The injury occurred in bizarre circumstances before the start of a club championship quarter-final against Ballintubber on October 6, 2013, when Kilcoyne twisted his leg awkwardly as he sprung away from a wooden bench after a team photograph had been taken.
Now the one-time Mayo forward has been ‘reinvented’ as his club’s goalkeeper, with Knockmore attempting to win their first county senior title since 1997 when they take on defending champions Castlebar Mitchels, at MacHale Park tomorrow evening.
“It’s nice to be back playing and preparing for a county final again,” says Kilcoyne, who played in Knockmore’s attack in their 2002 and 2004 final defeats to Crossmolina and Ballina Stephenites.
“100%, hand on heart, I never thought I’d be in this position again. This is bonus territory for me after everything that’s happened. I’ve been reinvented really.

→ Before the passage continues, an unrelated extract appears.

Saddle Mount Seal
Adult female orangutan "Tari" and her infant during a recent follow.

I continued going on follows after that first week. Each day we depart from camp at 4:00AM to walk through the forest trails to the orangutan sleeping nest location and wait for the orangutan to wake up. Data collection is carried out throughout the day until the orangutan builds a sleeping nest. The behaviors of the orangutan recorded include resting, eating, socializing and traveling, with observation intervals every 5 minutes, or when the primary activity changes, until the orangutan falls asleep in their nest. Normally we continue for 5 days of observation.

“To win this weekend would eclipse anything I’ve ever achieved in sport. I’d trade everything else in for a county medal. I’m not belittling my All-Ireland U21 medal — it means the world to me — but to win a championship with some lads that I’ve been playing with since I was six years of age would be really something special.”

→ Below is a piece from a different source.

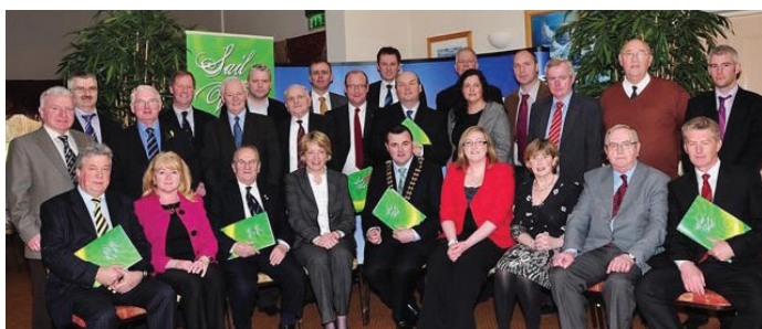
Participants attending the recent SAILWEST Project Launch

Kilcoyne’s transformation from injured forward to a goalkeeper that has kept clean sheets in three of his last four championship games began with a casual conversation in London last Christmas during a club trip.
Shooting the breeze with former Knockmore manager Nigel Reape, Kilcoyne discovered that regular goalkeeper Gerry Higgins had left for America so there would be a vacancy at number one in 2017. The rest is history.
“I was telling Nigel that my knee wouldn’t bend enough to sprint so it looked like my days of playing outfield were over. He asked me if I’d ever considered playing in goal.
“My initial thought was that I’d be a useless goalkeeper! But the conversation planted the seed at the same time.
“I decided after Christmas to give it a shot because, if nothing else, it might help my knee to loosen out a bit. So I chatted to a few of the lads, chatted to our manager Ray McHale, and he said, ‘If you’re willing to try it, let’s try it. Sure you can catch it and kick it anyway.”
Ironically, Kilcoyne made his competitive debut against Ballintubber in the Mayo Secondary League. “It went off without incident,” he says, smiling. “But I can’t say that I haven’t looked back since, because I have.”
His knee has stood up well to the rigours of around 20 matches with Knockmore this season, and the quality and accuracy of Kilcoyne’s kick-outs are a reminder of his prowess as a prolific free-taker during his pomp as a forward.
He’s the first to admit that he’s still learning the goal-keeping trade, but he’s enjoyed putting his injury trials and tribulations behind him and helping Knockmore reach their first county final in seven years.
“Parts of it are still very vivid, things like the initial injury, the pain, and the torture after the operation. Other parts of it are like a dream, it really doesn’t seem like three years ago.
“I would love if the injury hadn’t happened but it did, and I know I’m very lucky to be playing football again. I just want to enjoy it now.”
As befitting a man who was recently appointed as Betfair’s head of marketing for southern Europe, Kilcoyne says Castlebar’s odds of 1/5 to retain the Moclair Cup (Knockmore are 4/1 outsiders) seem fair enough.
“They’re favourites for a reason, they’re a fine side. But do we believe we can win it? Absolutely. Do we have to put in our best performance of the year to have a chance? Yes.
“But we’re going to work hard, we won’t give up, and we’ll battle to the bitter end.”